[Source records]
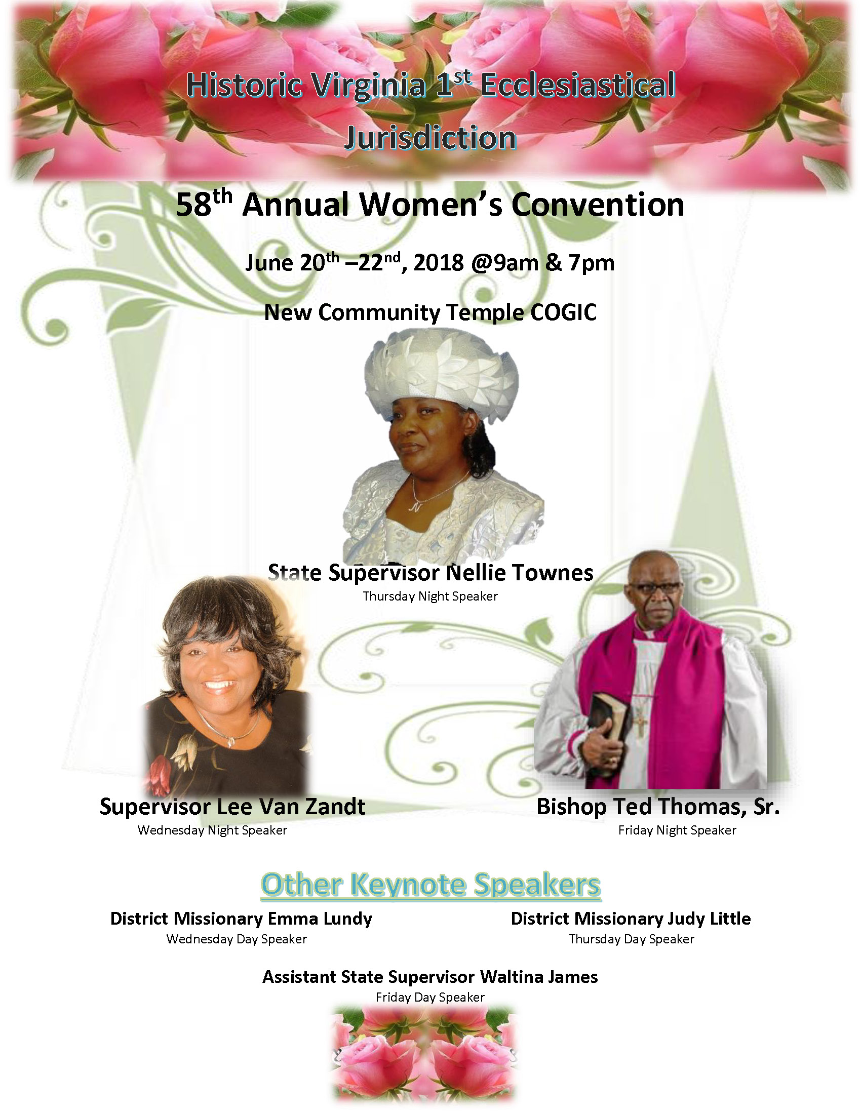 DetailsLive Stream Shut-In Daily Sessions Evening Speakers Official Day Registration Accommodations Join us August 19-26, 2018 as the Historic First Ecclesiastical Jurisdiction of Virginia celebrates its 104th Holy Convocation at…
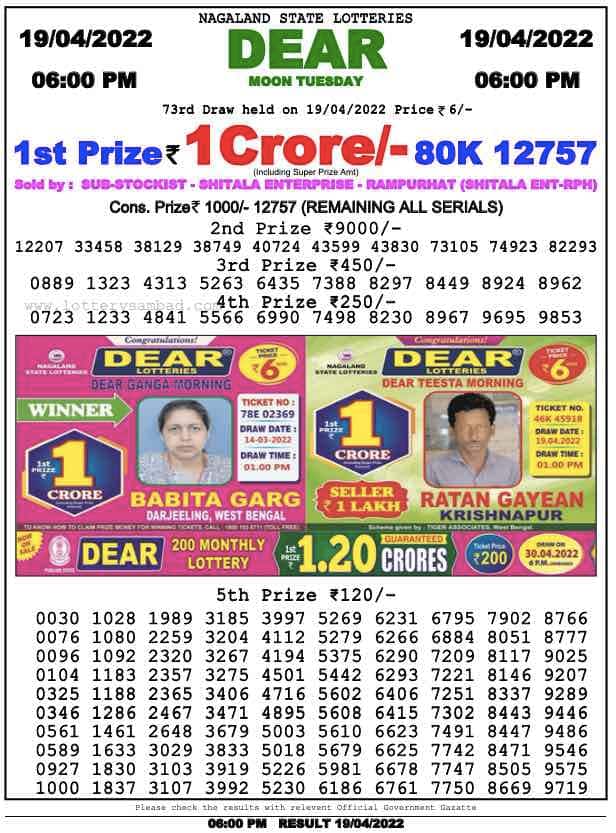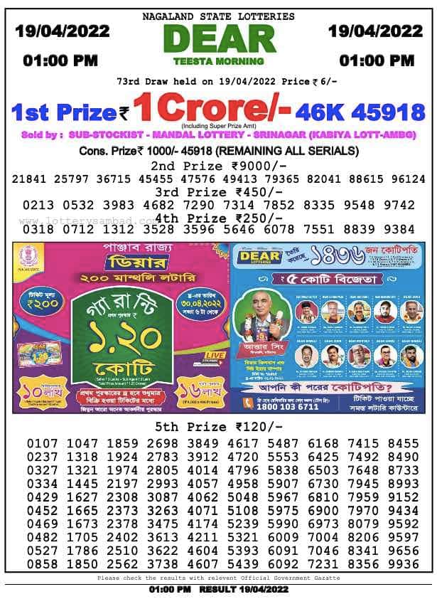 Nagaland State Lottery Sambad Results for April 19, 2022: নাগাল্যান্ড লটারির এক একটি টিকিটের মূল্য মাত্র ৬ টাকা। এক একটি টিকিটের মূল্য মাত্র ৬ টাকা হলে নাগাল্যান্ড লটারির পুরস্কার মূল্য ১ কোটি টাকা ।
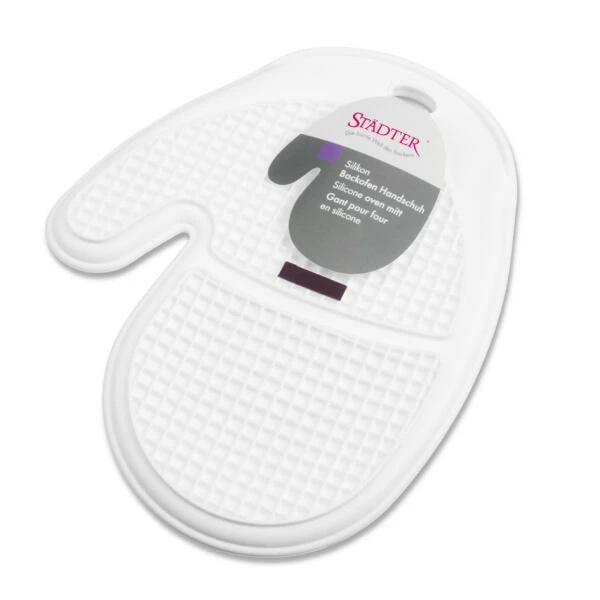 Wenn’s heiß hergeht – schützender Silikon-Handschuh zum gefahrfreien Bewegen heißer Bleche. Farbe: Weiß.
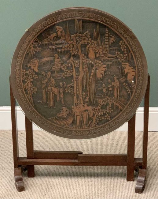 CHINESE CARVED CIRCULAR TOP FOLDING TABLE, 63cms H, 72cms diameter
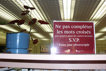 30 octobre 2009, par François BonN’ai pas pu m’empêcher de photographier cette annonce. Pourtant, les mots-croisés me semblent faits pour ça : qu’on écrive dans les supports qu’on lit. Dans les salles d’attente dentistes médecins, ils sont toujours remplis en partie. Ou bien la page arrachée, pliée et mise dans la poche (pas par moi ou pas pour moi, je ne pratique pas : il me semble que – par définition – ayant été rédigés pour une solution qu’ils contiennent, il ne m’importe pas de la chercher). Faire des mots-croisés sur (…)
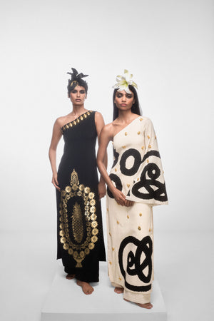 Details: Our unique ananas motif in a bold foil print nestled against a midnight black background in a sleek one shoulder and trouser set. Featuring our tribal pot mascots around the neckline, This ensemble is a sure standout at any festivity.
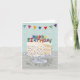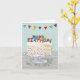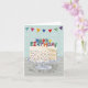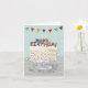 Cartão de aniversário bonito com um bolo de camada de confete e um feliz aniversário soletrado em velas
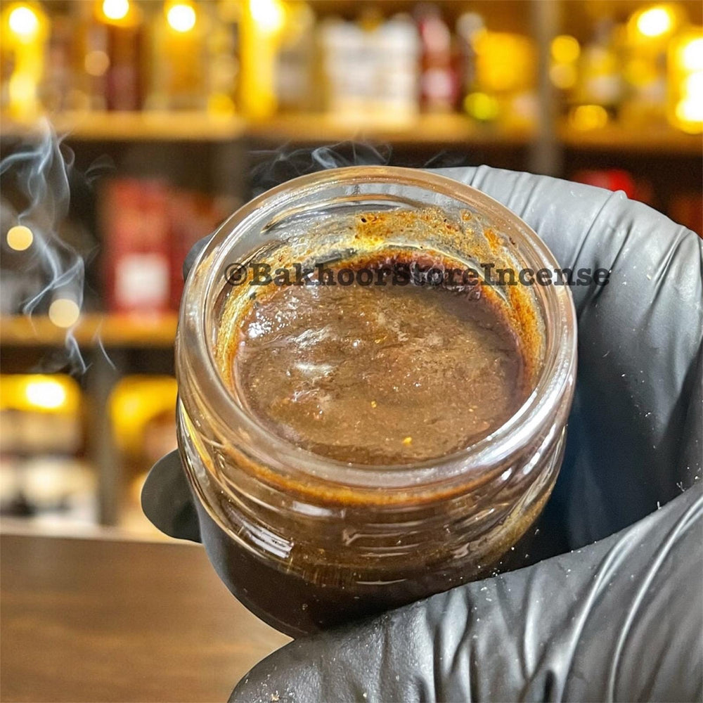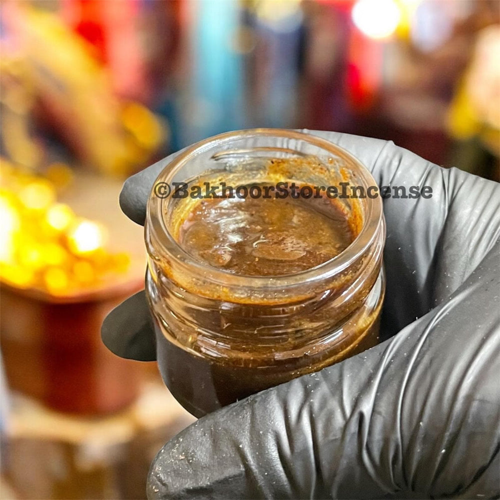 Straight from the kitchen of one of Aden’s most experienced bakhoor and traditional attar maker, this age-old hair spice and fragrance oil is now ready to offer in-store. My aunt, who has been the creator of bakhoors such as Yemeni Bridal, Ruh-alQudus and Yemeni Resala, has once again created this al-akhdriane for us. Considered an aphrodisiac oil amongst Yemeni women, this hair fragrance is truly special. This olfactory aphrodisiac is a brew (makhmaria) of the finest oudha, saffron, clove, cardamom, cherry seeds (mahlab), amber, agarwood oil, black pepper, sandalwood, vetiver, onycha and a medley of florals and essential oils. The ingredients are pounded with hand and then smoked with special bakhour and mixed with oils to form an aromatic creamy liquid like the zabaad.
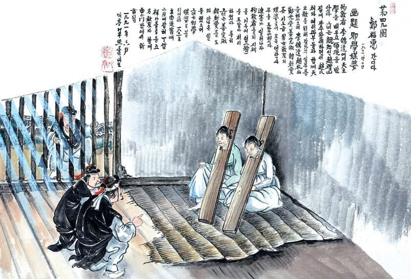 - 부녀자들에게 사학(천주학)을 퍼뜨린 죄로 형조에 갇힌 정복혜 칸디다 모습을 그린 그림. (탁희성 화백, 절두산 순교성지 제공)
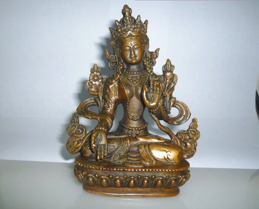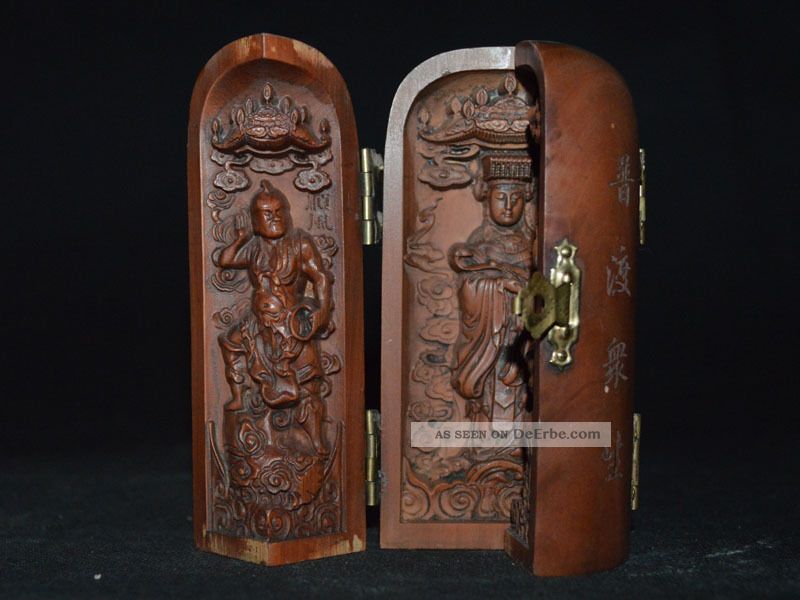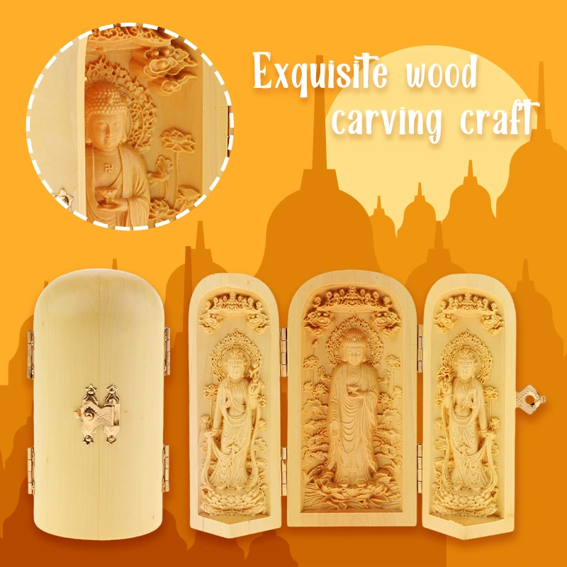 Tibetische Buddha Statue Box Aus Buchsbaum - Kwan-yin Schnitzerei Mit Lotusblume | 10cm Höhe

** How to complete this task **
No pictures go in the copy. Set down all the data exactly.

** Result for this exercise **
 DetailsLive Stream Shut-In Daily Sessions Evening Speakers Official Day Registration Accommodations Join us August 19-26, 2018 as the Historic First Ecclesiastical Jurisdiction of Virginia celebrates its 104th Holy Convocation at…
 Nagaland State Lottery Sambad Results for April 19, 2022: নাগাল্যান্ড লটারির এক একটি টিকিটের মূল্য মাত্র ৬ টাকা। এক একটি টিকিটের মূল্য মাত্র ৬ টাকা হলে নাগাল্যান্ড লটারির পুরস্কার মূল্য ১ কোটি টাকা ।
 Wenn’s heiß hergeht – schützender Silikon-Handschuh zum gefahrfreien Bewegen heißer Bleche. Farbe: Weiß.
 CHINESE CARVED CIRCULAR TOP FOLDING TABLE, 63cms H, 72cms diameter
 30 octobre 2009, par François BonN’ai pas pu m’empêcher de photographier cette annonce. Pourtant, les mots-croisés me semblent faits pour ça : qu’on écrive dans les supports qu’on lit. Dans les salles d’attente dentistes médecins, ils sont toujours remplis en partie. Ou bien la page arrachée, pliée et mise dans la poche (pas par moi ou pas pour moi, je ne pratique pas : il me semble que – par définition – ayant été rédigés pour une solution qu’ils contiennent, il ne m’importe pas de la chercher). Faire des mots-croisés sur (…)
 Details: Our unique ananas motif in a bold foil print nestled against a midnight black background in a sleek one shoulder and trouser set. Featuring our tribal pot mascots around the neckline, This ensemble is a sure standout at any festivity.
 Cartão de aniversário bonito com um bolo de camada de confete e um feliz aniversário soletrado em velas
 Straight from the kitchen of one of Aden’s most experienced bakhoor and traditional attar maker, this age-old hair spice and fragrance oil is now ready to offer in-store. My aunt, who has been the creator of bakhoors such as Yemeni Bridal, Ruh-alQudus and Yemeni Resala, has once again created this al-akhdriane for us. Considered an aphrodisiac oil amongst Yemeni women, this hair fragrance is truly special. This olfactory aphrodisiac is a brew (makhmaria) of the finest oudha, saffron, clove, cardamom, cherry seeds (mahlab), amber, agarwood oil, black pepper, sandalwood, vetiver, onycha and a medley of florals and essential oils. The ingredients are pounded with hand and then smoked with special bakhour and mixed with oils to form an aromatic creamy liquid like the zabaad.
 - 부녀자들에게 사학(천주학)을 퍼뜨린 죄로 형조에 갇힌 정복혜 칸디다 모습을 그린 그림. (탁희성 화백, 절두산 순교성지 제공)
 Tibetische Buddha Statue Box Aus Buchsbaum - Kwan-yin Schnitzerei Mit Lotusblume | 10cm Höhe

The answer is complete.